Yup. There’s a big difference between “the enemy of art is a lack of limitations” as Orson Welles put it and being saddled to a long-running franchise that’s a victim to its own continuity and its corporate overlords.
 
It's figuring out what you can bring that is new and innovative while within the set frame-work that is creative.

Otherwise, don't play in an existing franchises playground.
So far, many of the arguments you’ve been putting across have been for creativity in regards to the tech and production design side of things, not so much for the characters or scripts. At the end of the day, the story is what matters, not the window dressing.
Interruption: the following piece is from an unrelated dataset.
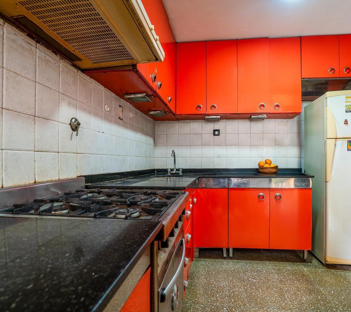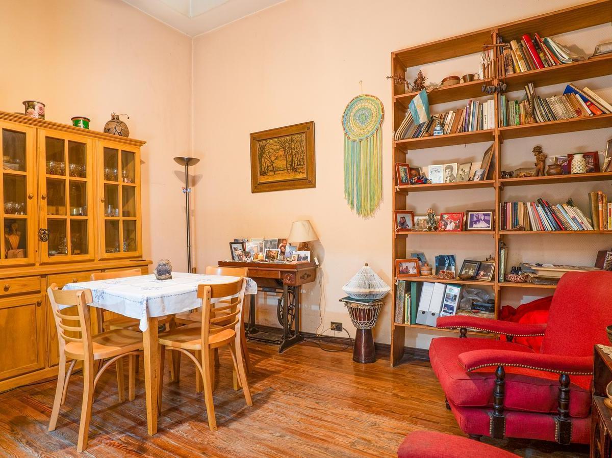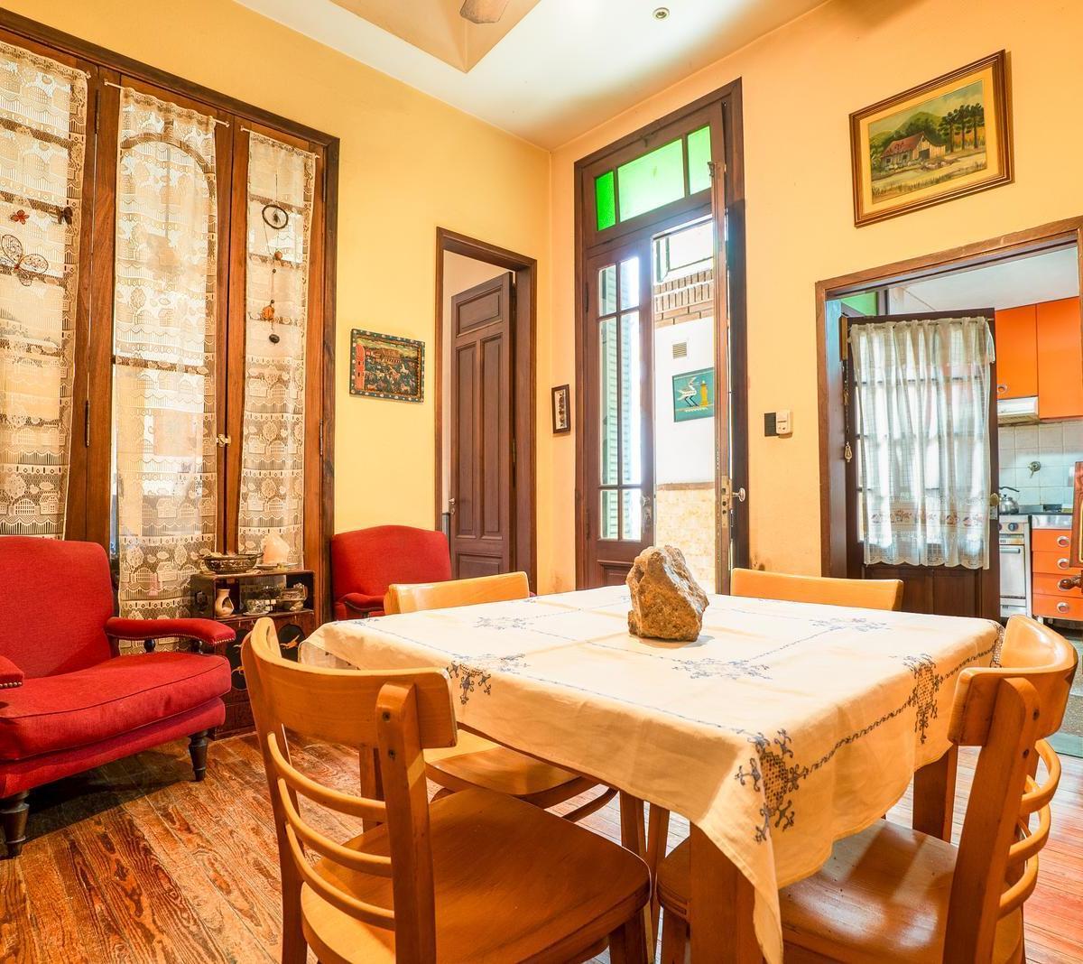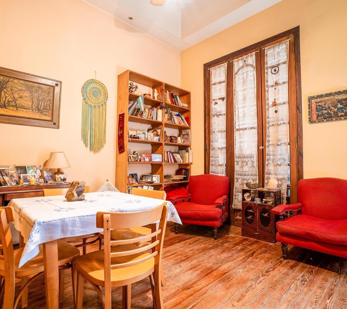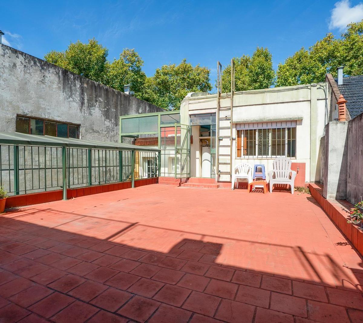 PH within a complex of 5 units, oriented east. Covered area 74 m², plus 50 m² uncovered, with high ceilings, parquet floors and wooden-framed windows with distributed glass. The layout includes 4 rooms, 3 bedrooms (one en suite on the main level and another en suite on the upper floor), plus a small fourth bedroom used as an office, 2 full bathrooms, and a light-filled courtyard with an enclosed section. There is also a terrace with a grill. Building age is 40 years. Utilities include running wa

And in the case of where the Trek franchise is at this point, it seems like there’s been a growing focus on the window dressing.
 
And in the case of where the Trek franchise is at this point, it seems like there’s been a growing focus on the window dressing.
This has been growing for about a decade, if not longer in my humble estimation. I recall watching a Pike fan film several years back and featured heavy themes like PTSD, alcoholism and personal struggles. It was lauded for being Star Trek because it got the set dressing right while Discovery was called "too dark" and Picard was " not Trek" because it featured PTSD and drug use.
 
So far, many of the arguments you’ve been putting across have been for creativity in regards to the tech and production design side of things, not so much for the characters or scripts. At the end of the day, the story is what matters, not the window dressing.
That's what the writers & actors are for, to bring those characters & story's to life.

Did you not enjoy ANY of the "Nu Trek" that has come out since the end of the Berman/Braga era?

And in the case of where the Trek franchise is at this point, it seems like there’s been a growing focus on the window dressing.
Window Dressing is going to improve no matter what, that's just keeping up with the times.

The Characters & Stories remain the sole domain of the Writers & Actors who portray them.